02-2 Bab Waktu-waktu Shalat – Fikih Empat Madzhab

Fikih Empat Madzhab
(Maliki, Hanafi, Hanbali, Syafi‘i)
(Judul: Ijmā‘-ul-A’immat-il-Arba‘ati waikhtilāfihim).
Oleh: Al-Wazir Yahya bin Muhammad bin Hubairah

Penerjemah: Ali Mh.
Penerbit: PUSTAKA AZZAM

Rangkaian Pos: 002 Bab Shalat - Fikih Empat Madzhab

Bab: Waktu-waktu Shalāt (3081).

 

169. Keempat imam madzhab berbeda pendapat tentang waktu wajibnya shalāt.
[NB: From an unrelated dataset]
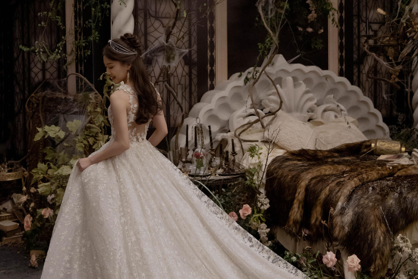 🍂🍂🕸🕸 若有似无的光穿透森林 古藤缠绕的空间 时间遗忘的角落 绝美神秘且虚幻的空间 为我解除魔咒 用电影里有关花的画面 复古感浓厚又华丽的场景 略微暗调的光线 平衡一切视觉的享受 🎬今日电影主题婚礼『美女与野兽』🍂 花絮预告~ 本场婚礼布置花费12w[更多…]

Mālik, asy-Syāfi‘ī, dan Aḥmad berkata: “Shalāt wajib di awal waktu.”

Sebagian pengikut Abū Ḥanīfah berkata: “Shalāt wajib di akhir waktu.” (3092).

 

170. Mereka sepakat bahwa awal waktu Zhuhur adalah ketika matahari tergelincir dan tidak boleh shalāt sebelum matahari tergelincir. (3103).

 

171. Mereka berbeda pendapat tentang akhir waktu shalāt Zhuhur.
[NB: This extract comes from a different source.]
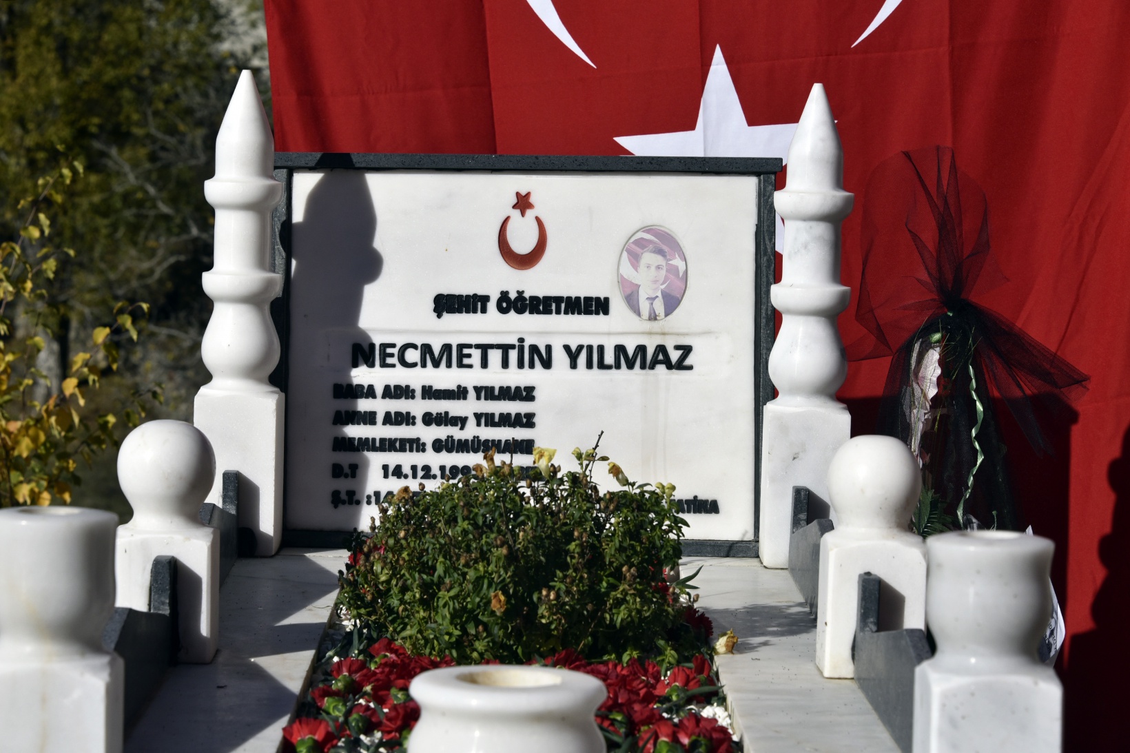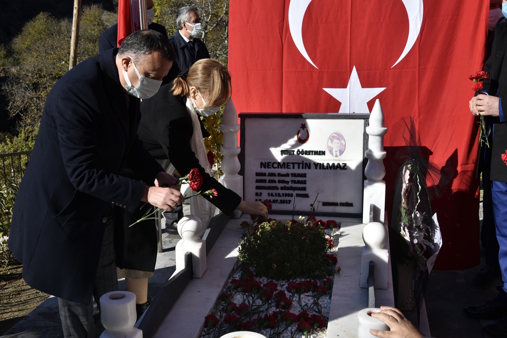 Memleketi Gümüşhane’ye dönerken terör örgütü mensupları tarafından kaçırıldıktan sonra 23 yaşında şehit edilen sınıf öğretmeni Necmettin Yılmaz, 24 Kasım Öğretmenler Gününde kabri başında anıldı.

Asy-Syāfi‘ī, dan Aḥmad berkata: “Akhir waktunya adalah bila bayang-bayang setiap sesuatu sama selain bayang-bayang seseorang saat matahari tergelincir, karena ia bisa panjang dan bisa pendek sesuai perbedaan waktu. Apabila bayang-bayang setiap sesuatu sama dan bertambah sedikit maka waktu Zhuhur telah habis dan masuk waktu ‘Ashar. Tambahan ini adalah awal waktu ‘Ashar. Apabila bayang-bayang setiap sesuatu sama dan bertambah sedikit maka ia adalah akhir waktu ‘Ashar.”
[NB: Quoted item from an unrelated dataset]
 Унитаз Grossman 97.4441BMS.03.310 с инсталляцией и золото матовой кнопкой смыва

Menurut Abū Ḥanīfah, ada beberapa riwayat berbeda darinya. Diriwayatkan darinya pendapat yang sama dengan pendapat asy-Syāfi‘ī dan Aḥmad. Pendapat inilah yang dipilih oleh Abū Yūsuf.

Ada pula riwayat lain darinya yang menyebutkan: “Apabila bayang-bayang setiap sesuatu sama dua kali lipat dengannya, maka ia adalah akhir waktu Zhuhur. Apabila lebih sedikit maka telah masuk waktu ‘Ashar.”

Ada pula riwayat darinya bahwa akhir waktunya adalah bila bayang-bayang setiap sesuatu sama dengannya, sedangkan awal waktu ‘Ashar adalah bila bayang-bayang setiap sesuatu dua kali lipat dengannya. Antara keduanya ada waktu yang bukan waktu keduanya. Akhir waktu ‘Ashar adalah sampai matahari menguning.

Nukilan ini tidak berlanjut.